I’m in a relatively unique position having been able to attend and take part in two different party political conferences. For the last two years, I attended and spoke at Labour Conference. In May of this year, I joined the Liberal Democrats. You can read more about that here.

I thought it might be interesting to talk about the main differences and similarities between both parties’ annual gatherings.

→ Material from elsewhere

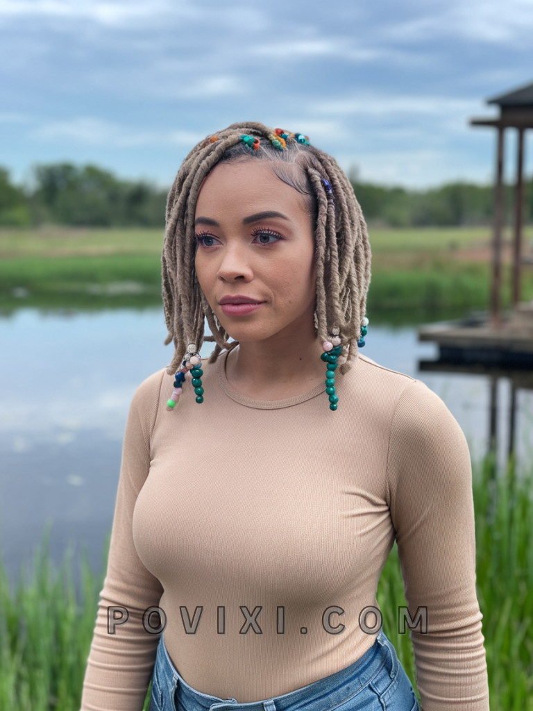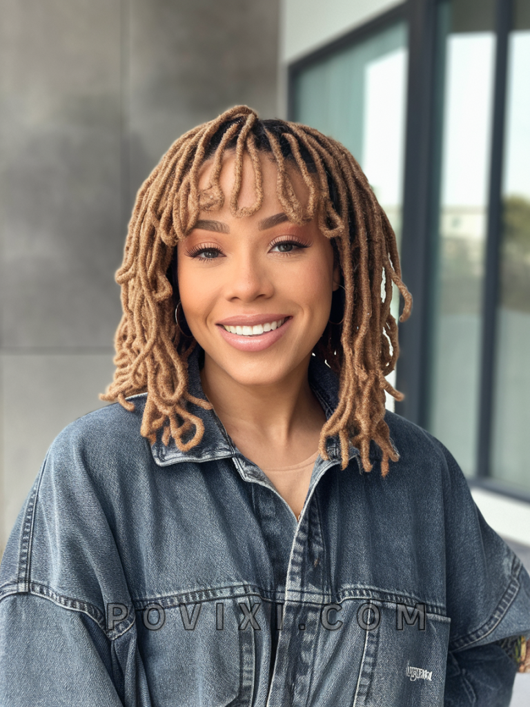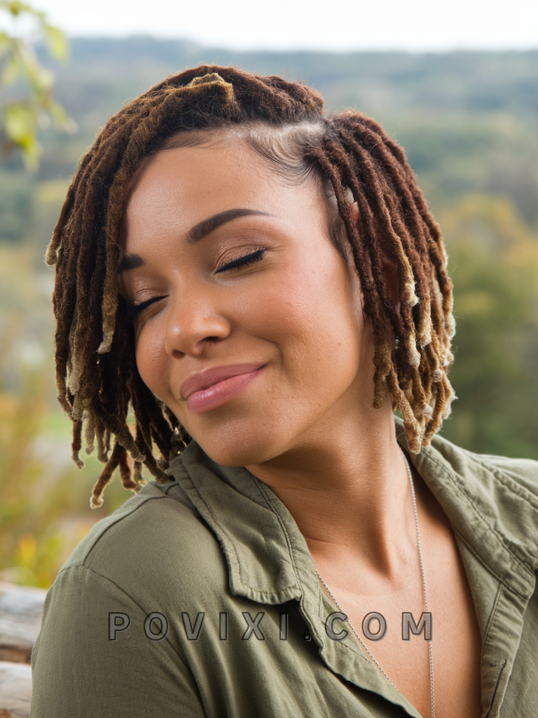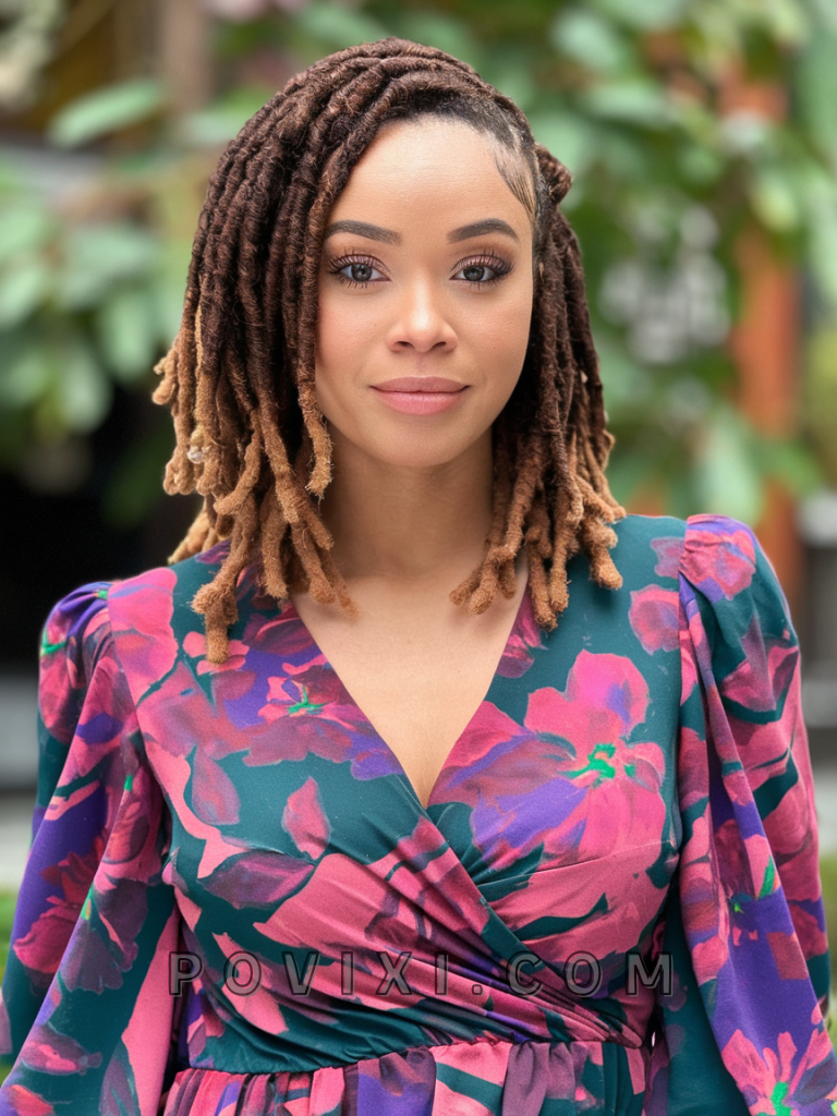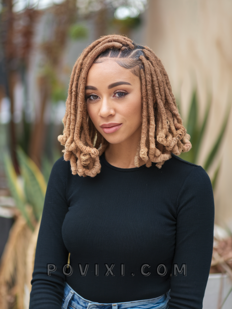 The bob locs with curls style offers a chic, modern look by combining a short bob cut with loose curls at the ends. This hairstyle is versatile enough for both professional settings and casual outings. It works best on square or round faces and emphasizes dark or light-colored eyes.

For the Liberal Democrats, Conference is formally opened before moving to wine and the conference rally. For Labour it’s much the same but a day later and then the fringes start. The Liberal Democrats discuss policy, and vote on motions published in advance with an opportunity to amend them should conference wish. In Labour they discuss up to 6 contemporary issues which are submitted by constituency parties. These general topics are voted on and then composited. There are votes at labour conferences, but never any debate or contentiousness – very different from the Liberal Democrats.

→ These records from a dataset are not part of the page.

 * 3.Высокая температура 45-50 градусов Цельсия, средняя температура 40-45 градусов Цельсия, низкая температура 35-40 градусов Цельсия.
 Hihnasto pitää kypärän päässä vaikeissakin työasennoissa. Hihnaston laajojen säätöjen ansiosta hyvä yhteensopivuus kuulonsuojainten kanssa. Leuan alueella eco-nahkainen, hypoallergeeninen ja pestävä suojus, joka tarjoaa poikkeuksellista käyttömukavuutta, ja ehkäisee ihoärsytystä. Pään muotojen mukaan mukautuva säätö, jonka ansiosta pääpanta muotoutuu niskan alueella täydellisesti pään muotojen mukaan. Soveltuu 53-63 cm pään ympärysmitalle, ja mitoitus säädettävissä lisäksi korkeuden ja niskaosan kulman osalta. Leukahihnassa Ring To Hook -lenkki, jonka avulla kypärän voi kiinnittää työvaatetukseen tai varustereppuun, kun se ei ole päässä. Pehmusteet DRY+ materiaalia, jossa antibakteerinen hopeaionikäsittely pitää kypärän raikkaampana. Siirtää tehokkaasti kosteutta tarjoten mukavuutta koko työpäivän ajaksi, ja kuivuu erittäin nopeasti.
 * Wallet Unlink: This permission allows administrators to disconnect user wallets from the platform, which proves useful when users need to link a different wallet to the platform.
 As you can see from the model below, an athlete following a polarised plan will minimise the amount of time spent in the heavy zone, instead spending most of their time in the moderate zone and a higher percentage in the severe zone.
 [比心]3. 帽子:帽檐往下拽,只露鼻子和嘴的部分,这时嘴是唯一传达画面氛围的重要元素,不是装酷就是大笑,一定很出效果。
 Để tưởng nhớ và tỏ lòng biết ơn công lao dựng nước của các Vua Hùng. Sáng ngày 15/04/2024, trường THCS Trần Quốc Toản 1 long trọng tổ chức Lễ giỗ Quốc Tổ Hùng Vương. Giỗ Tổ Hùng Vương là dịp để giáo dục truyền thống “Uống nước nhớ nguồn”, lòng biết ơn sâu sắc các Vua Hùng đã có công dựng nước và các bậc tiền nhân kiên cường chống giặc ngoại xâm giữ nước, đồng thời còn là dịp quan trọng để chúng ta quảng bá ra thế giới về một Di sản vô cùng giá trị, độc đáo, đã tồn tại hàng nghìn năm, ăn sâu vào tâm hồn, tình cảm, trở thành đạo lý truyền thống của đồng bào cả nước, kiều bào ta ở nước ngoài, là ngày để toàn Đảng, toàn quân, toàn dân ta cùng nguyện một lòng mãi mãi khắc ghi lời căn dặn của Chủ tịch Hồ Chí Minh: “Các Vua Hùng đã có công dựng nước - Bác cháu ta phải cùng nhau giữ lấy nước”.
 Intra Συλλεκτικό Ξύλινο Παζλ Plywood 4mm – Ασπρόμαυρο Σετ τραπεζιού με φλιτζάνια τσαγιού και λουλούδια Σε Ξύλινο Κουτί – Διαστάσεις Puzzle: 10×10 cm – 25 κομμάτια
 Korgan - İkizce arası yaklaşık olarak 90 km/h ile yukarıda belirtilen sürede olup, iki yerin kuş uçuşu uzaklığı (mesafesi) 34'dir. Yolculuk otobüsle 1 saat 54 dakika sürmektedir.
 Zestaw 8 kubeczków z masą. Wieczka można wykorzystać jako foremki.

The 6 debates at labour conference are chosen by ballot. The trade union/socialist societies get to pick 3 and the constituencies get to pick the rest. However, the constituency groups are “whipped” by their regional officers to vote for what the unions want. So more often then not, only 3 actual motions are debated. And I use the word debate in the loosest possible sense. There is a mover (usually a trade union general secretary) and a seconder (usually a constituency member). The “debate” that then follows contains members picked from the floor to speak on the vague subject. When you hear the votes of the ballots announced you will notice that the numbers seem odd. The trade union ballot cast by one member of that union – count for the number of affiliated members in that union. So roughly 3 million votes get cast to decide what is debated. The same applies for constituencies, where a single delegate voting counts for all their members in that constituency. At Liberal Democrat Conference, the voting rep’s card counts as just one vote.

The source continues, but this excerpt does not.